Joseph M. Raffaele, M.D.
What’s one of the pure senolytics?
Joseph Cleaver, M.D.
I’m sorry?
Joseph M. Raffaele, M.D.
The pure senolytics versus the ones that-
Joseph Cleaver, M.D.
So there are some fairly exotic senolytics that are not mainstream, that are not, honestly, are not FDA approved. We do a lot of things that are off label. We do a lot of therapies that aren’t recognized as standard of care by the FDA or by other medical guidelines, if you will. But there are peptides that are senolytics, there are peptides that are mitochondrial peptides. So what has come to light recently is there are several publications that look at, everybody is embracing NAD, for example, everybody is like I’m gonna do IB NAD, because it’s going to increase my mitochondrial function ATP, et cetera, and improve my stem cell function and health. That’s probably true, but if we haven’t removed the SASP cell that is also going to benefit from, for example, a NAD infusion, I think was an oversight, if you will, until more recently in my programs or in in my main protocol.
So what I’ll do first I’ll start setting up my senolytic program that is preventive, and that is the TA-65, the flavonoids such as fisetin, for example. And before I go come in with mitochondrial support to maintain a healthy stem cell presence, I’ll move into the senolytics and then clean them out through intermittent fasting. We know that manipulating our caloric intake through intermittent fasting, et cetera, or fasting mimicking diets, certainly is beneficial up to a certain age. There’s studies that show it’s not that effective as we get later in life, and try to use intermittent fasting, but there’s still probably some benefits.

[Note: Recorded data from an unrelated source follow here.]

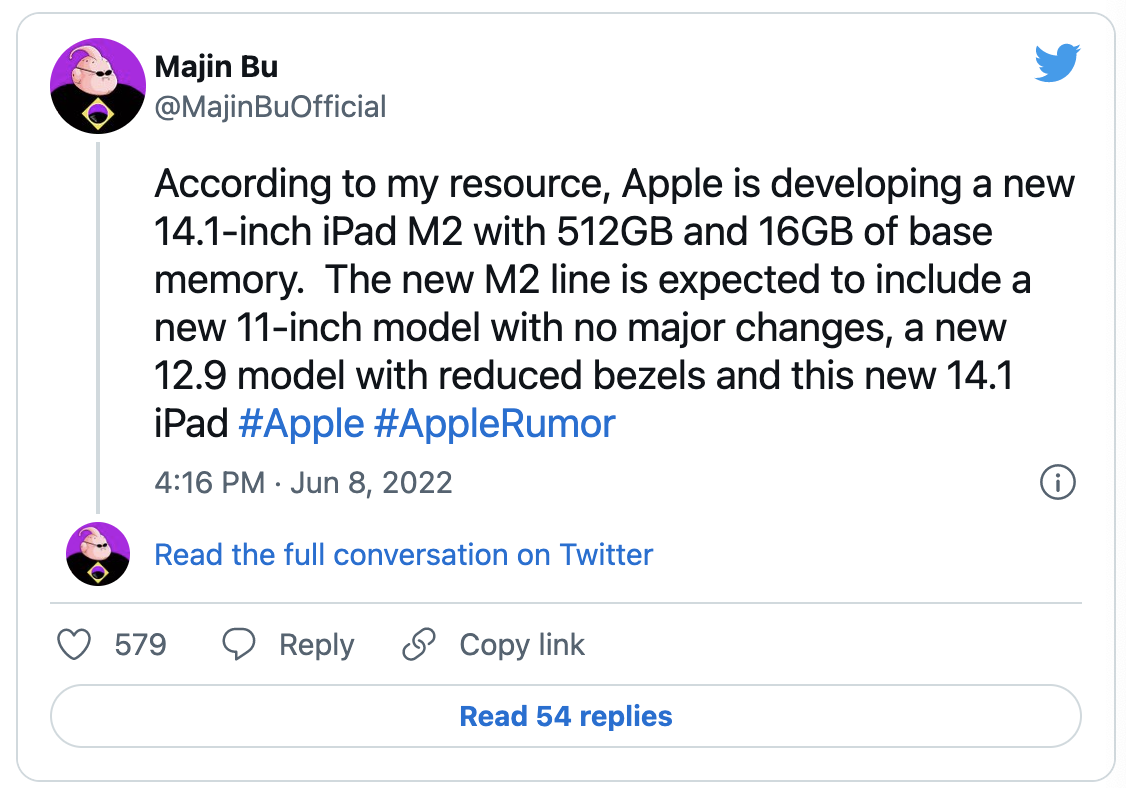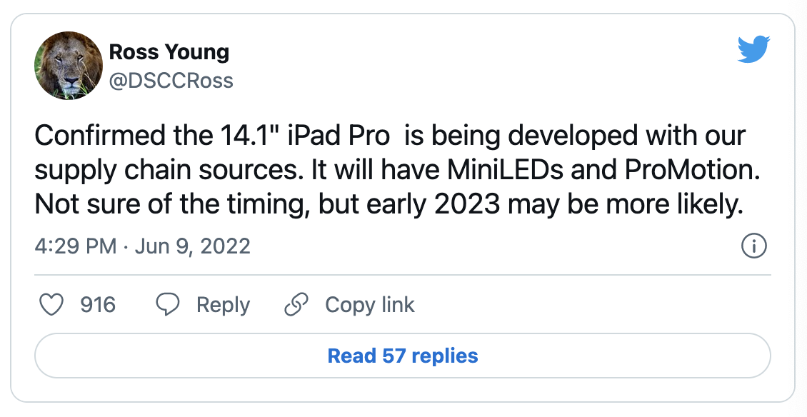 Concludiamo con il vociferato iPad Pro con display mini-LED da 14 pollici. A far circolare l’indiscrezione è stato Ross Young, che – ad onor del vero – ha ripreso quanto scritto prima di lui su Twitter dal noto leaker Majin Bu.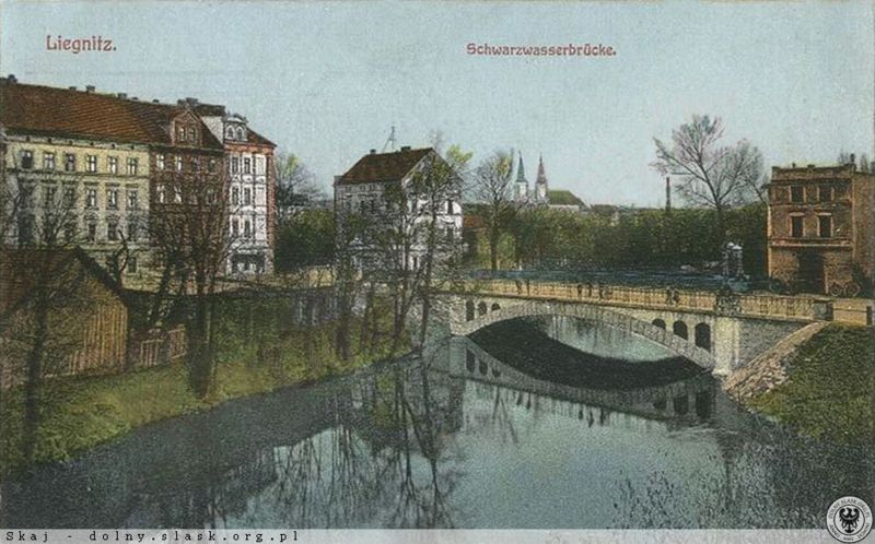 Tom II — ILUSTRACJE -- 108. Legnica. Głogowska — most na Czarnej Wodzie. Liegnitz. Schwarzwasserbrücke. Karta pocztowa z pocz. XX w.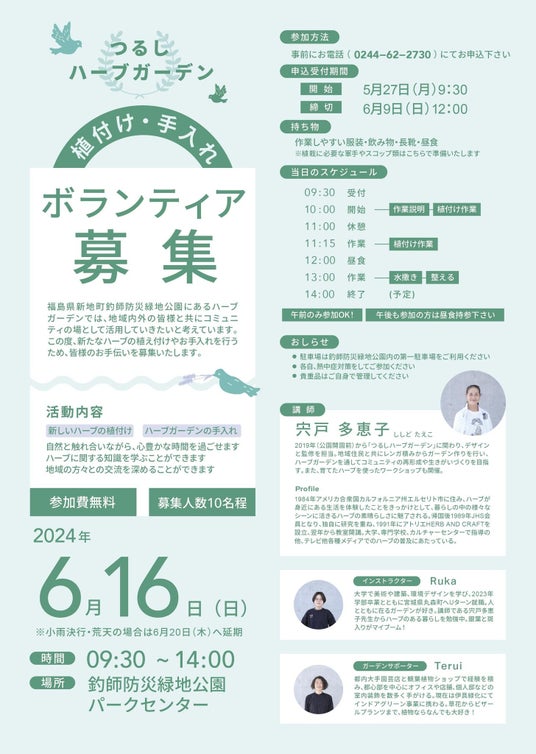 福島県新地町の釣師防災緑地公園内にあるハーブガーデンのお手入れボランティアを募集します。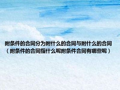 目前大家应该是对附条件的合同指什么呢,附条件合同有哪些呢比较感兴趣的,所以今天CC就来为大家整理了一些关于附条件的合同指什么呢,附条件合同有哪些呢方面的相关知识来分享给大家,希望大家会喜欢哦。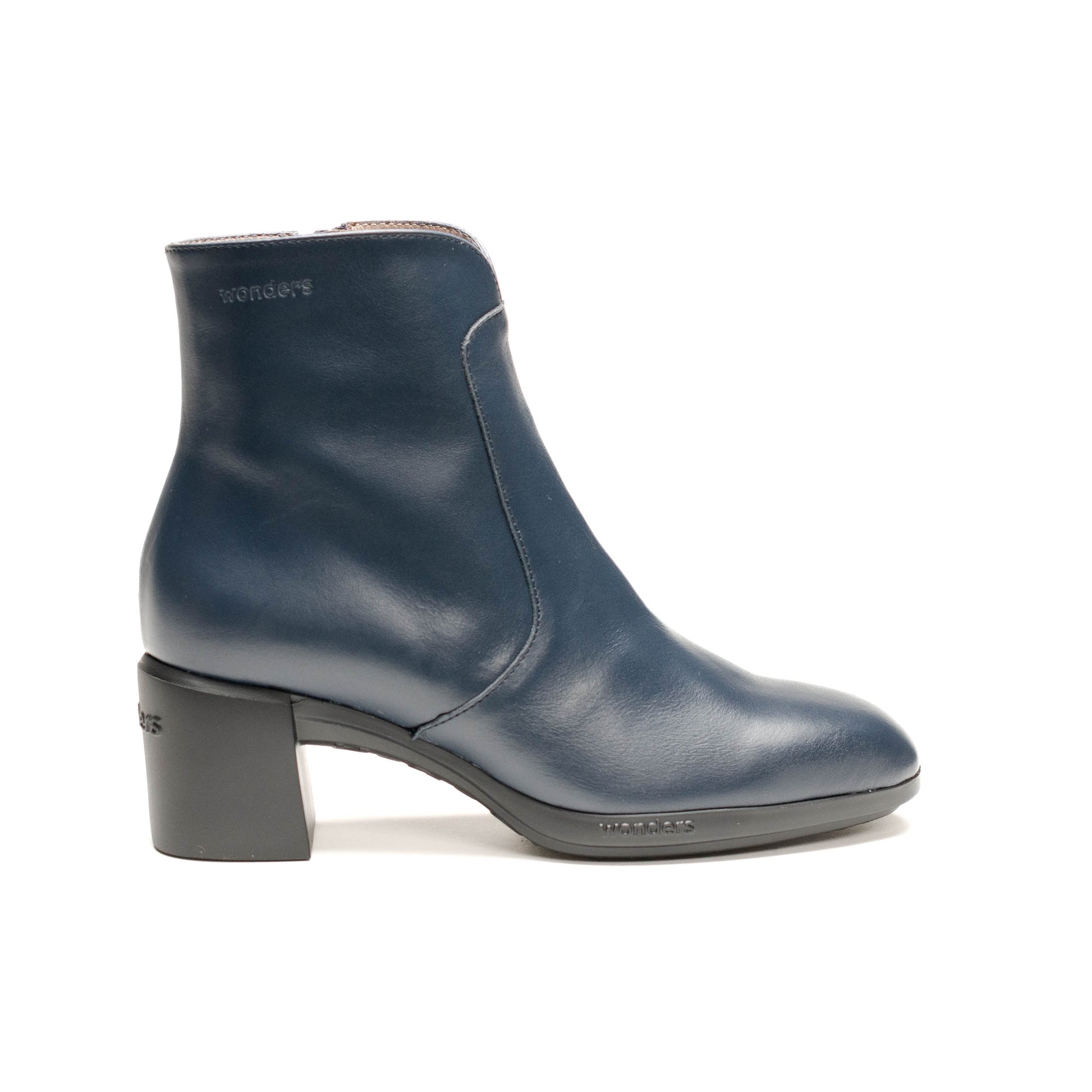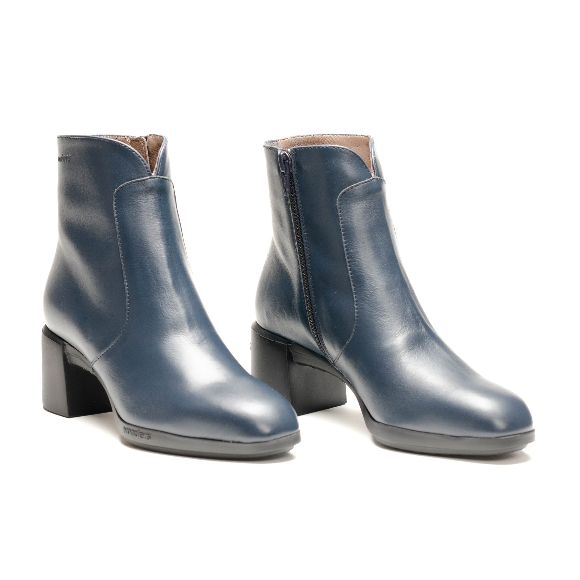 Wonders Escorpio, Botines REGHOST 05 confeccionados en piel lisa negra. El modelo REGHOST 05 tiene diseño minimalista y polivalente, destaca la parte frontal de la caña en forma de “V” y su cierre mediante cremallera lateral. Su nueva suela con tacón ha sido desarrollada con tecnología WondersFly™, que asegura una ligereza incomparable, mientras que la plantilla interior de MemoryGel garantiza comodidad en cada paso. Prepárate para la sensación #YesWeFly. Wonders apoya la fabricación responsable avalada por LEATHERWORKINGGROUP.

So that plus certain peptides actually that drive P53 into that senescent cell, into that SASP cell and induce autophagy. Now that I’ve cleaned up those senescent cells, those SASP cells, then I’ll come in with that really potent or that really focused, targeted mitochondrial support. And there are peptides that do that, there are other, you know, mainstream, if you will, very well-known nutraceuticals such as carnitine, ALA, et cetera, resveratrol, that support mitochondrial function. But all along, remembering that the mitochondrial DNA are so different as you know so well, than nuclear DNA. And they have that capacity to utilize, for example, TA-65 to shuttle back and forth between the nucleus and help improve telomere length and function.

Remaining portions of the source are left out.